In 2015, the decision was made by the Higher Education Research Institute to begin collecting data on these identities– in turn giving Malory, Hughes and Kwapisz access to a large, inclusive dataset and allowing them to conduct large-scale quantitative analysis in this area for the first time. 

In fact, Monika Kwapisz remains hopeful that as more data is collected on the experiences of TGNC students, “mental healthcare will continue to move toward de-stigmatisation and TGNC students will be highlighted in institutional retention efforts.” 

What steps should higher education institutions take? 

The authors suggest various steps institutions can take to address the issue. 

These include:  

  • Improving faculty training on diversity and inclusion 
  • Addressing student attitudes and behaviours towards each other  
  • Adjusting questions on gender in institutional data collection surveys  
  • Encouraging research focused on TGNC students  
  • Destigmatising conversations surrounding mental health in STEM spaces.  

To get a clearer idea of what else should be done within the higher education sector, we also spoke with Dr. Julie Johnston and the team at Queer Science, an organisation that actively encourages and welcomes queer students into the STEM space through events, collaborative research, experiments and study sessions.  

Increasing visibility is probably the most important but also least-understood and often poorly-integrated [practical step],” says Dr. Johnston, a lecturer at University of California Berkeley and postdoctoral researcher at Lawrence Livermore national Lab. “STEM professors often still have the mindset that their research and topics are separate from TGNC and other communities. We need to have curriculum overhauls which include explaining how niche STEM topics impact real people in real communities to increase visibility.”  
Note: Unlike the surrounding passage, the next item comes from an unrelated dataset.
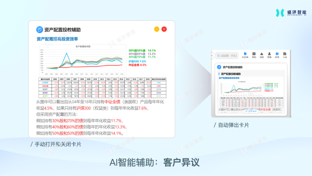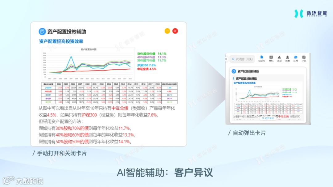 循环智能的智能辅助帮助券商的财富管理业务朝向数字化、集约型的分客群经营模式转变,使得投资顾问能够更好地理解客户的需求和风险偏好,并提供个性化的投资建议和资产配置方案,从而真正地践行“三分投、七分顾”的理念,帮助客户提高决策效率,不断提升客户体验。

Dr Johnston does so by incorporating social justice projects into her engineering classroom on environmental biological processes – exploring the intersection of microbial kinetics, engineering and equality and encouraging discussions on how engineered biological systems, like wastewater pollution, can disproportionately impact certain communities. 

She continues: “From the perspective of a young TGNC person, why would they become an engineer if they could do more for their community in a social science or medical program? We need to show them how STEM has been used in the past to create inequality and emphasise how we’re working to repair that in the future.”